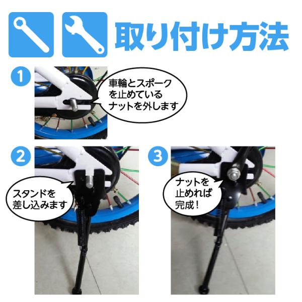 自転車 スタンド 12 14 16 18 20 インチ 子供用 幼児用 片足 取り付け簡単 キックスタンド サイドスタンド
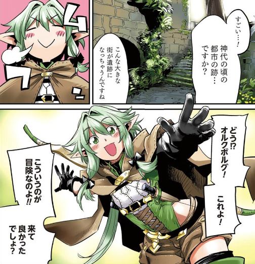 女神官が黒曜に等級アップして彼にお礼を言ったり、エルフたちと出会ってグルメに舌鼓を打ったり。
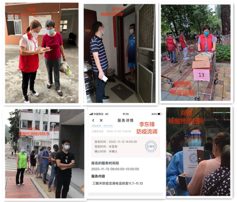 在这场没有硝烟的战场,学生党员同样积极参与到校内外疫情防控中,参加社区流调工作、做好核酸检测服务,更有i志愿服务时长超过1000小时的同志,他们都在力所能及的范围发光发热。
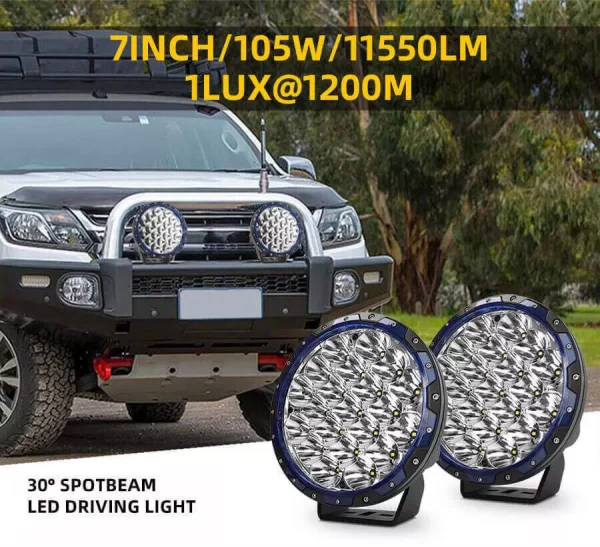 یک فاصله روشنایی 1LUX@1200M و 8925LM این محصول رو از امتیاز ویژه ایی برای بیراهه نوردی و آفرود وسایل نقلیه تبدیل کرده است.بدنه از جنس آلیاژ آلومینیوم دایکاست است که باعث خنک کنندگی و مقاومت در برابر استرس و ضربه می شود علاوه بر این سوپاپ تخلیه هوا و رطوبت باعت دریافت استاندارد IP68 آن شده است.طیف نور این محصول 3500/6500K هست یعنی دارای نور آمبر یا مه شکن هم می تواند باشد.دارای سه رینگ قرمز،آبی،نارنجی و امکان نصب کاور مشکی و زرد مه شکن می باشد،جنس پایه آن از فولاد ضدزنگ و همراه با مفصل ارتعاش گیر با زاویه 75 درجه می باشد.جنس شیشه از متریال PMMA است
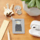 Esse chaveiro está pronto para ser personalizado com um nome e mostra uma ilustração de uma águia-calva americana em pé contra um fundo de cinza de luz. O gráfico e o nome aparecem em ambos os lados da etiqueta.
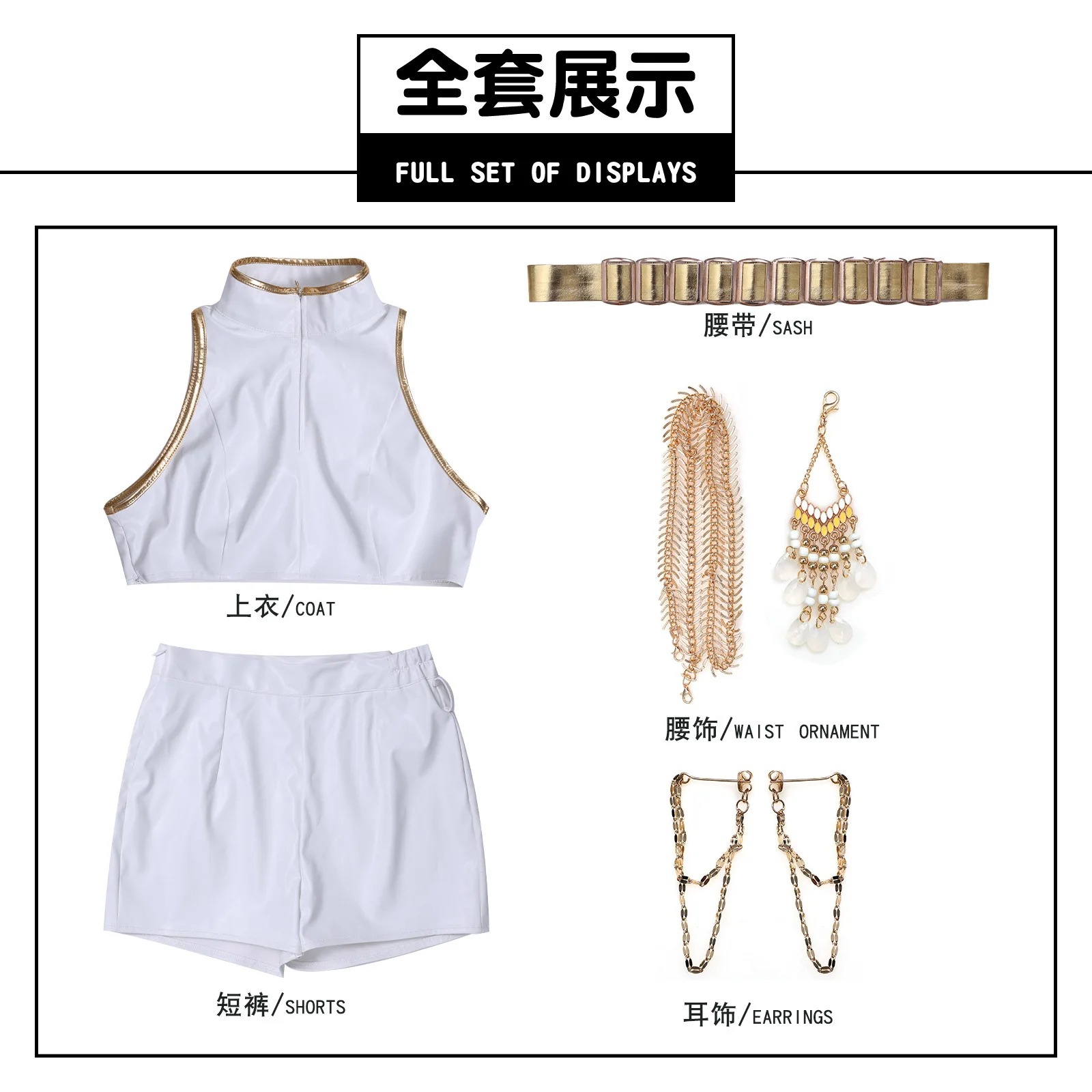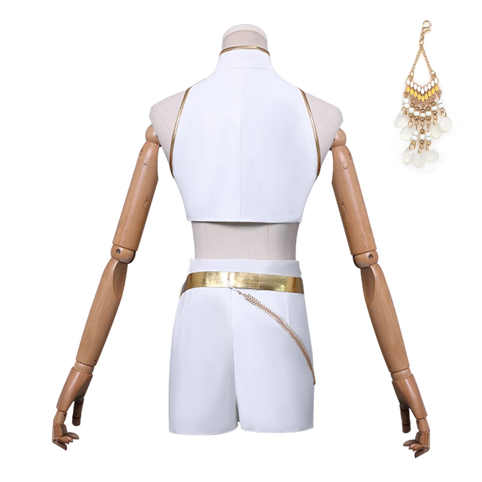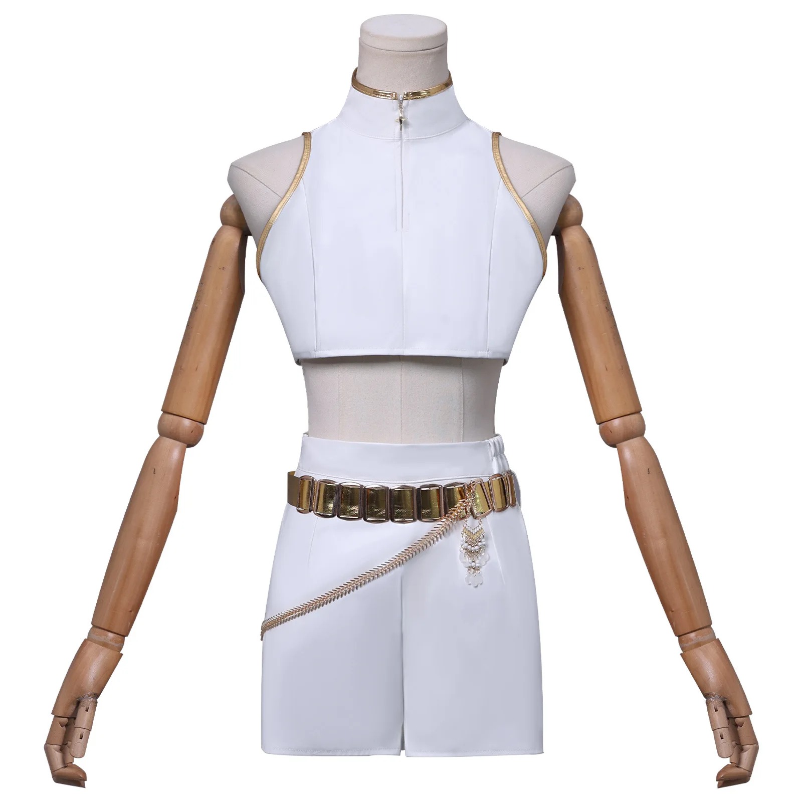 Réalisé en tissu PU blanc haut de gamme, l’uniforme épouse parfaitement les lignes du corps tout en reflétant la lumière grâce à ses finitions dorées. Chaque détail — de la ceinture sculptée à la chaîne de taille — évoque l’esthétique raffinée et dynamique de KPOP Demon Hunter.
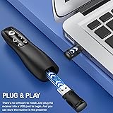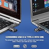 【AIR MOUSE PRESENTATION CLICKER】 PowerPoint presenter combines the function of air mouse and normal clicker, with a wireless cursor control button and left mouse button, which makes it like a true mouse. With it in your hand, you can be totally smooth from the constraint of the keyboard and make your presentation more efficient 【2-IN-1 USB Type C PRESENTATION CLICKER】The presenter clicker comes with a unique dual-head design, USB & TYPE-C can meet all your need. You can smoothly switch between different port devices such as Mac, laoptop and pc, one for multiple computers. At the bottom of the slide clicker there is a magnet which can hold your USB dongle securely. (Powered by 2pcs AAA Battery are not included) 【BRIGHT RED LIGHT】Wireless clicker for PowerPoint presentations, which is stronger than red light. It’s easy to see against in the most any background, can be used to highlight key parts of a presentation, then you can be sure they won't miss the point 【EASY TO USE】Plug the 2.4 GHz receiver into your computer's USB port and you're ready to start the show. You needn't have to set up anything and no software to install. The clicker for powerpoint presentation is suitable for all ages, when your presentation is over, simply store the receiver inside the presenter 【LONG CONTROL RANGE OF THE CLICKER】With this pointer presenter remote, you can come out from behind the computer or podium and connect with your audience smoothly. The powerpoint clicker also has a wireless control range of up to 100 feet, so you can make your lectures more interactive rather than just talking to your students from standing at your desk clicking buttons
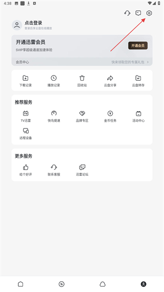 1、打开迅雷应用,点击页面右上角的设置图标,进入应用的设置功能页面。
========================================================================
## What the task requires
Begin at the line in the entries above that has "女神官が黒曜に等級アップして", stop after the line that has "Réalisé en tissu", and output exactly those lines without pictures.

## Output for this task
 女神官が黒曜に等級アップして彼にお礼を言ったり、エルフたちと出会ってグルメに舌鼓を打ったり。
 在这场没有硝烟的战场,学生党员同样积极参与到校内外疫情防控中,参加社区流调工作、做好核酸检测服务,更有i志愿服务时长超过1000小时的同志,他们都在力所能及的范围发光发热。
 یک فاصله روشنایی 1LUX@1200M و 8925LM این محصول رو از امتیاز ویژه ایی برای بیراهه نوردی و آفرود وسایل نقلیه تبدیل کرده است.بدنه از جنس آلیاژ آلومینیوم دایکاست است که باعث خنک کنندگی و مقاومت در برابر استرس و ضربه می شود علاوه بر این سوپاپ تخلیه هوا و رطوبت باعت دریافت استاندارد IP68 آن شده است.طیف نور این محصول 3500/6500K هست یعنی دارای نور آمبر یا مه شکن هم می تواند باشد.دارای سه رینگ قرمز،آبی،نارنجی و امکان نصب کاور مشکی و زرد مه شکن می باشد،جنس پایه آن از فولاد ضدزنگ و همراه با مفصل ارتعاش گیر با زاویه 75 درجه می باشد.جنس شیشه از متریال PMMA است
 Esse chaveiro está pronto para ser personalizado com um nome e mostra uma ilustração de uma águia-calva americana em pé contra um fundo de cinza de luz. O gráfico e o nome aparecem em ambos os lados da etiqueta.
 Réalisé en tissu PU blanc haut de gamme, l’uniforme épouse parfaitement les lignes du corps tout en reflétant la lumière grâce à ses finitions dorées. Chaque détail — de la ceinture sculptée à la chaîne de taille — évoque l’esthétique raffinée et dynamique de KPOP Demon Hunter.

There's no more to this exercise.